Sarholz: Ich hatte ziemlich viel Pech mit Verletzungen. Im Champions-League-Finale 2011 habe ich mir den Mittelfuß gebrochen, kurz vor der darauffolgenden Saison hatte ich dann auch noch einen schweren Fahrradunfall. Dadurch musste ich fast ein Jahr lang auf den Fußball verzichten. Man fragt sich in dieser Zeit oft 'Wieso, weshalb, warum?'. Aber letztendlich habe ich in diesem schwierigen Jahr viel Lebenserfahrung sammeln können.

Seit 2015 spielen Sie in der Wie kam es zu dem Wechsel vom 1. FFC Turbine Potsdam zum SV Babelsberg 03?

Sarholz: Turbine Potsdam hatte mir nach einigem Hin und Her am Ende der Saison 2014/2015 mitgeteilt, dass mein Vertrag nicht verlängert werden würde. Ich hatte zehn tolle Jahre in Potsdam, aber nicht zuletzt der Spagat zwischen Schule und Sport sowie die Verletzungen haben sehr viel Kraft gekostet. Mit Potsdam verbindet mich viel und ich wollte hier bleiben und das Projekt Frauenfußball in Babelsberg hat mich von Anfang an interessiert.

Könnten Sie sich vorstellen eines Tages wieder in der Allianz Frauen-Bundesliga zu spielen?

Sarholz: Da ich hoffentlich noch einige Jahre Fußball vor mir habe, würde ich niemals nie sagen. Aber im Moment habe ich einen laufenden Vertrag in Babelsberg, den ich auf jeden Fall erfüllen werde.

Was machen Sie, wenn Sie nicht gerade auf dem Platz stehen?

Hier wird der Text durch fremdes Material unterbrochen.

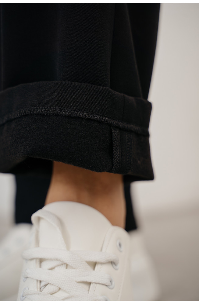 Описание: Брюки из костюмной ткани с начёсом по изнанке чуть зауженного к низу фасона на поясе с застежкой-молнией.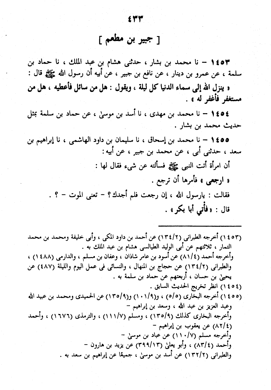 1453 - نَا مُحَمَّدُ بْنُ بَشَّارٍ، حَدَّثَنِي هِشَامُ بْنُ عَبْدِ الْمَلِكِ، نَا حَمَّادُ بْنُ سَلَمَةَ، عَنْ عَمْرِو بْنِ دِينَارٍ، عَنْ نَافِعِ بْنِ جُبَيْرٍ، عَنْ أَبِيهِ أَنَّ رَسُولَ اللَّهِ صَلَّى اللهُ عَلَيْهِ وَسَلَّمَ قَالَ: " §يَنْزِلُ اللَّهُ إِلَى سَمَاءِ الدُّنْيَا كُلَّ لَيْلَةٍ، وَيَقُولُ: هَلْ مِنْ سَائِلٍ فَأُعْطِيَهُ؟ هَلْ مِنْ مُسْتَغْفِرٍ فَأَغْفِرَ لَهُ؟ "

Sarholz: Dann stehe ich an der Seitenlinie. (lacht) Ich bin unter anderem nach Babelsberg gekommen, um dort die Frauenabteilung mit aufzubauen. Im letzten Jahr habe ich zwei Nachwuchsmannschaften übernommen. Viel Zeit für andere Hobbys bleibt da kaum noch.

Was gefällt Ihnen besonders gut am Trainerjob?

Sarholz: Es macht unglaublich viel Spaß zu sehen, mit wie viel Freude und Begeisterung die Kinder neue Sachen lernen. Zu sehen wie sich der Nachwuchs entwickelt und von Training zu Training steigert, ist echt schön.

Welche Tipps geben Sie den Nachwuchsspielerinnen auf den Weg, die davon träumen eines Tages in der Bundesliga zu spielen?

Sarholz: Zum einen darf man nie vergessen, dass eine Menge Training dahinter steckt und man das Ziel nicht aus den Augen verlieren sollte. Aber in erster Linie sollte man auf sein Herz hören und wirklich nur das tun, was einem Spaß macht. Wenn man sich selber zu sehr unter Druck setzt, verliert man schnell die Lust am Sport.